In short, for me this test has the same problem that most personality tests have: the categorizations are so vague and broad that too many of them (roughly half in this case) seem to be accurate descriptions. (That may, of course, just be me; it may well be that most people do find one or two of the nine boxes significantly more accurate than the others in describing them.)

Of course, for the makers of personality tests, that's not a flaw; that's the hallmark of a good test, because it means almost anyone who takes the test will come away feeling that it described them well.

That's one reason I like the Myers-Briggs test, despite its flaws; it does a reasonably good job of putting me in one of its sixteen boxes (well, okay, actually midway between two of them), and the other categories aren't very good descriptions of me.

(But mostly I like the Myers-Briggs because it exposed me to the introvert/extrovert distinction, and specifically to the idea that extroverts gain energy from social interaction; it had never occurred to me that that could happen, and it explained a lot about my extrovert friends.)

2 Responses to “Enneagram meme”

  1. Fred

    Since Gurdjieff and Ouspensky were raving loonies, this makes me very very uninterested in this thing.
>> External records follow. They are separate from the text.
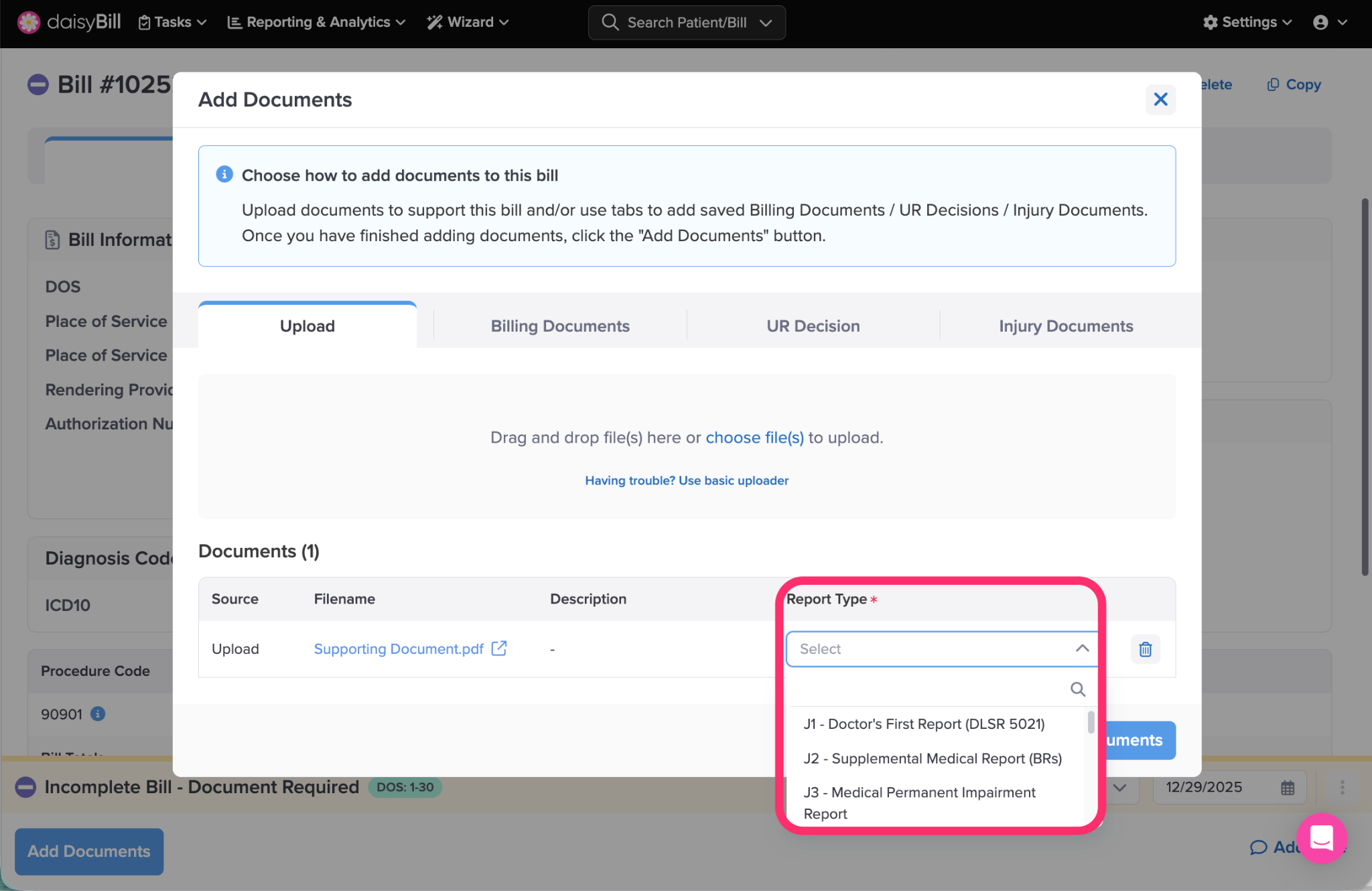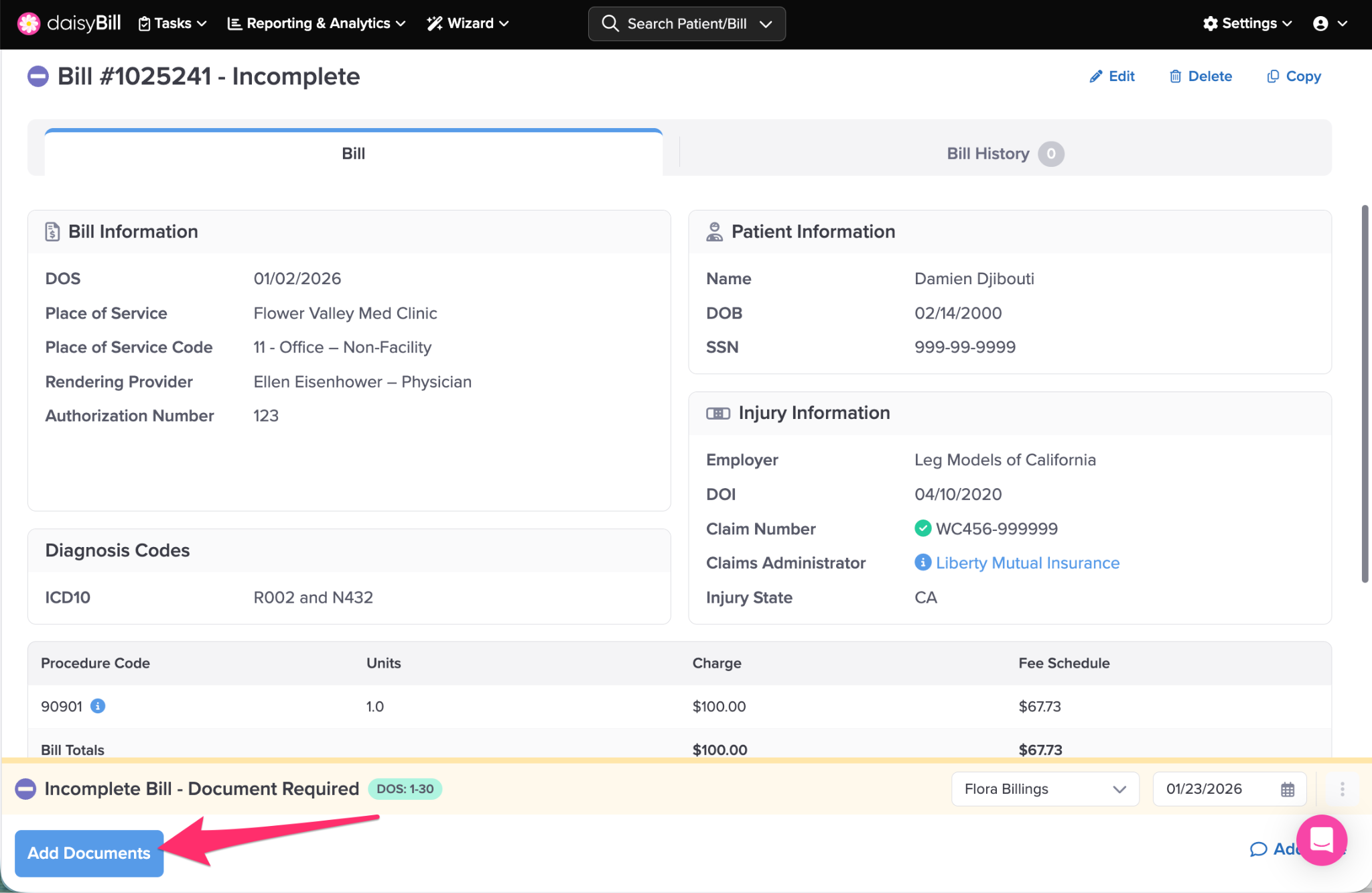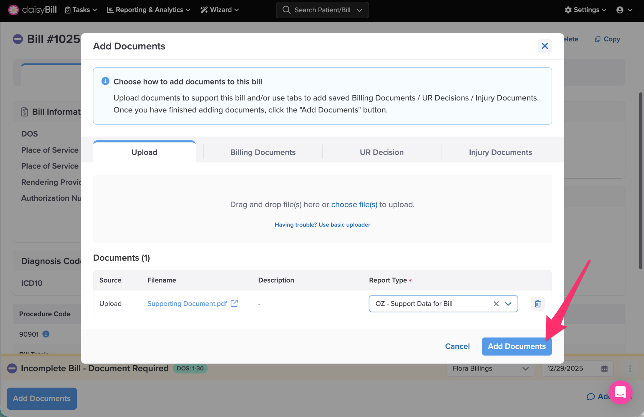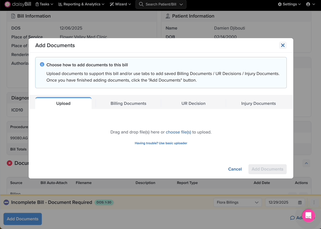Once Create Bill is clicked, daisyBill checks for errors. If daisyBill detects a missing Document, daisyBill assigns a Document Required task. A Bill with a Document Required task is in Incomplete status and cannot be submitted until the task is resolved.
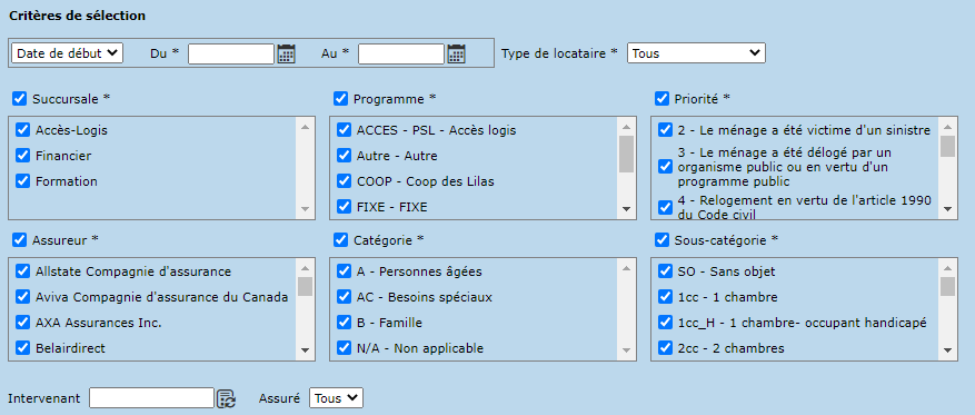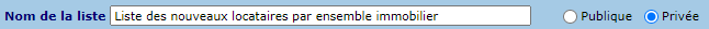 La liste des nouveaux locataires permet de spécifier les critères suivants :
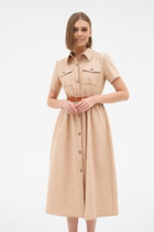 Платье приталенного силуэта, на подкладке. Вырез горловины квадратной формы. Отрезное по линии талии. Перед и спинка с рельефами. По спинке средний шов, в котором вставлена потайная молния, внизу разрез. Рукав втачной длиной 3/4, по окату присборен на резинку, в нижней части рукава сборка на венгерку.
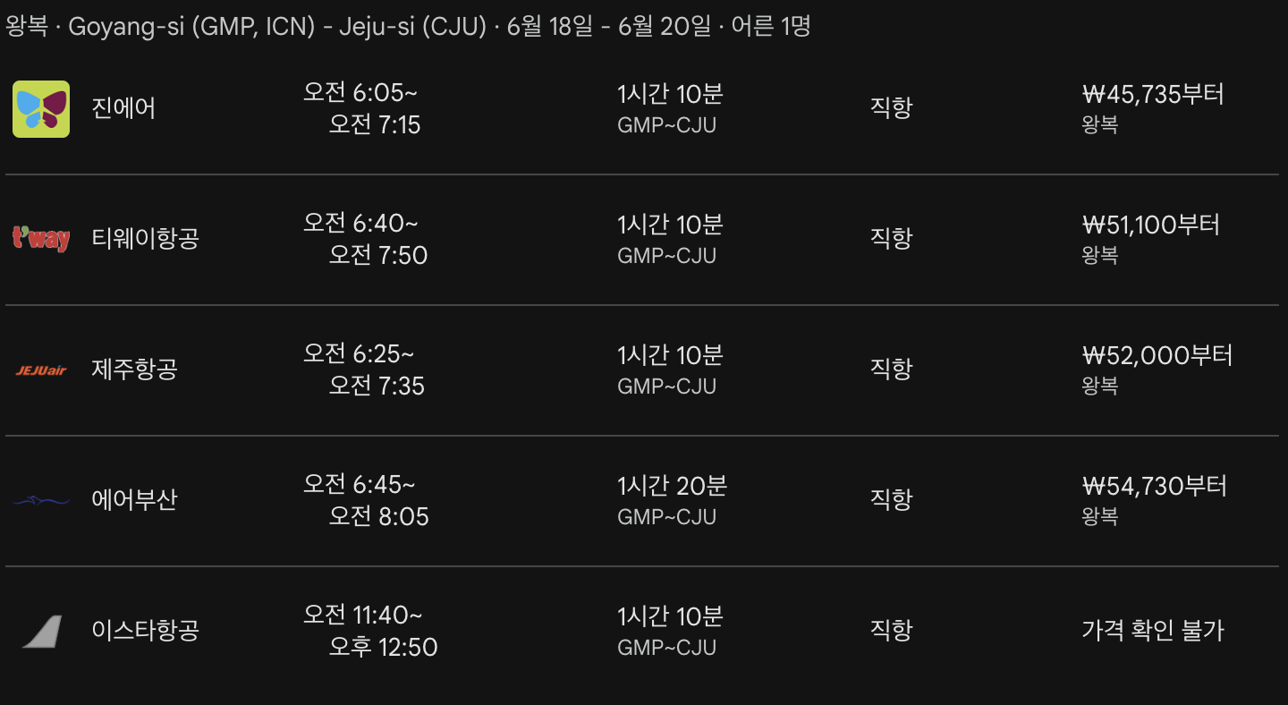 - 제주항공 7C103, 출발: 오전 6:25 도착: 오전 7:35, 1시간 10분, 가격: ₩52,000
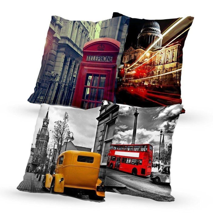 Kit 4 Almofadas Decorativas Own Londres Cartões Postais - 45x45 cm Tecido Confortável -
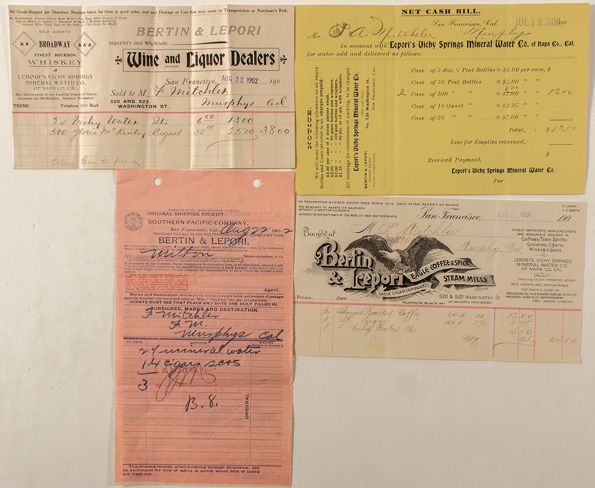 1) Billhead and SP shipping receipt both dated August 22, 1902. Bill is for Vichy Water (from Vichy Springs, Napa County) and 500 Gloria McKinley cigars. 2) 1901 Screaming Eagle pictorial. 3) Lepori's Vichy Springs Mineral Water billhead on yellow paper. 1900.City: San FranciscoCounty: San FranciscoState: CADate:
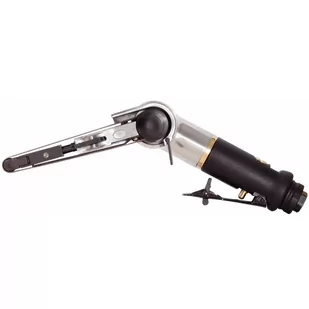 18000 obr./min Gwint łączenia: 1/4'' Tryb pracy: pneumatyczny Regulowana głowica 360 stopni Antypoślizgowy, miękki uchwyt izolowany Wylot powietrza przez rączkę Tłumienie drgań Odpowiednia do taśm szlifierskich o długości 330 mm Idealna do wąskich obszarów (szerokość taśmy 10 mm) Bezstopniowa regulacja prędkości Ze złączem 1/4"
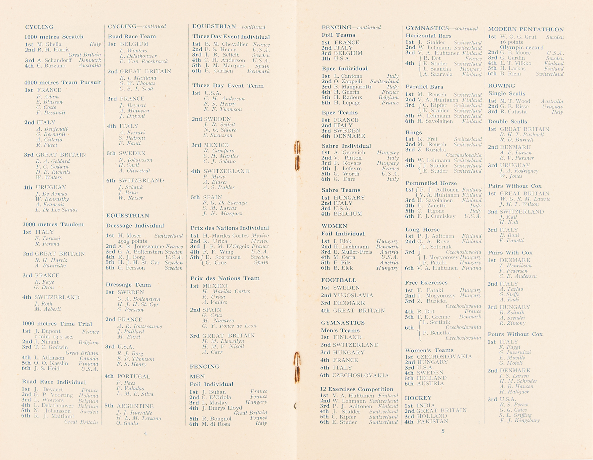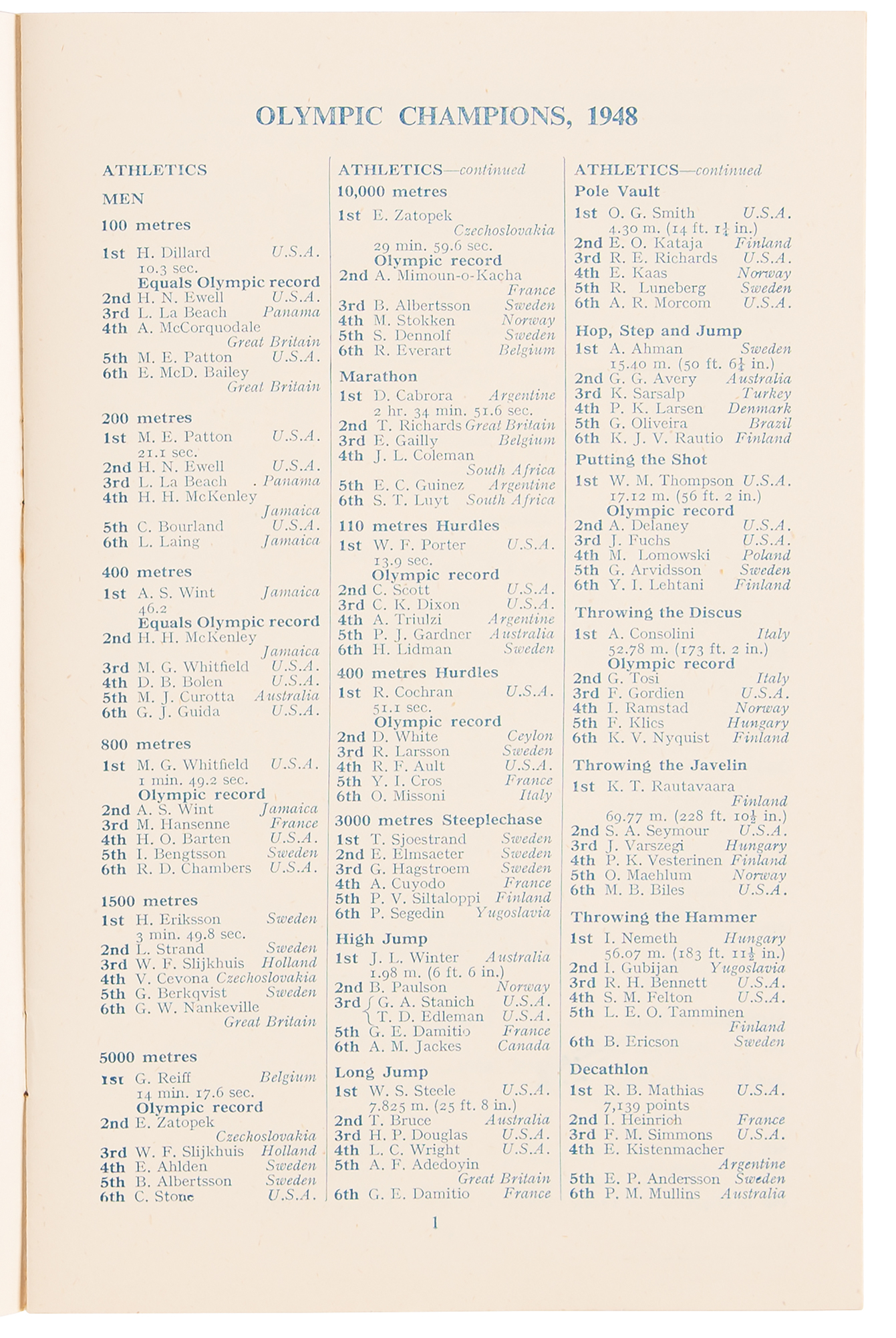 Two commemorative items from the historic London 1948 Olympics: a dual-sided off-white cloth pennant, 7.5 x 3.75, both sides featuring colorful Olympic rings below a design of the bridge and palace of Westminster and text, "XIV Olympiad, London 1948”; and a nine-page booklet entitled “XIV Olymapid London 1948: Complete List of Olympic Champions with Winners’ performances and records,” 5.5 x 8.5, containing a full list of all medalists from the 1948 Summer Games, published by the Organising Committe for the XIVth Olympiad London. In overall fine condition, with light toning and stains.
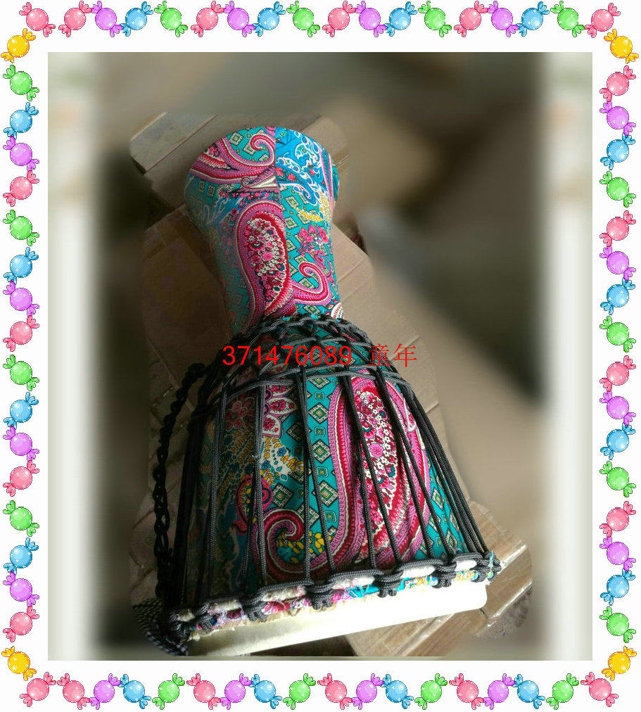 2017 new products Africa drum solid wood splicing cloth art Non-peacock feathers Chau Hand drum 10 inch 12 inch Mountain sheepskin

My hippie uncle, the one who lives in a commune in Vermont, swears by it though.

  2. Dan P

    Person-typing fascinates me, from astrology to more respectable efforts like the Meyers-Briggs. I have to say that in my small sample size, the M-B seems to have only about twice the specificity of the enneagram: instead of not rejecting about a third to a half of the enneagram types, people I’ve talked to don’t reject about a sixth to a quarter of the M-B types (and which quarter can depend on who’s writing the type descriptions).

    My favorite moment of M-B metacriticism was reading that people of the type that I tested into on that particular run of the test “resist being labeled.”

    I gather that personality psychologists juggle a variety of models these days. There’s an interesting comparative table here: http://www.personalityresearch.org/bigfive.html#table. (Elsewhere on that site, I found this “Big Five minitest,” which appears to be the jumping-off point for that johari/nohari meme that I’ve seen filtering around lately.)

    Oh, and how could I forget: did I ever mention the Hartman Value Profile to you? There was an interesting segment on Robert Hartman (no relation?) and his test at the end of the radio show “Time to Save the World” on This American Life. There’s also an unofficial online Hartman Value Profile test, with a not-very-informative results page.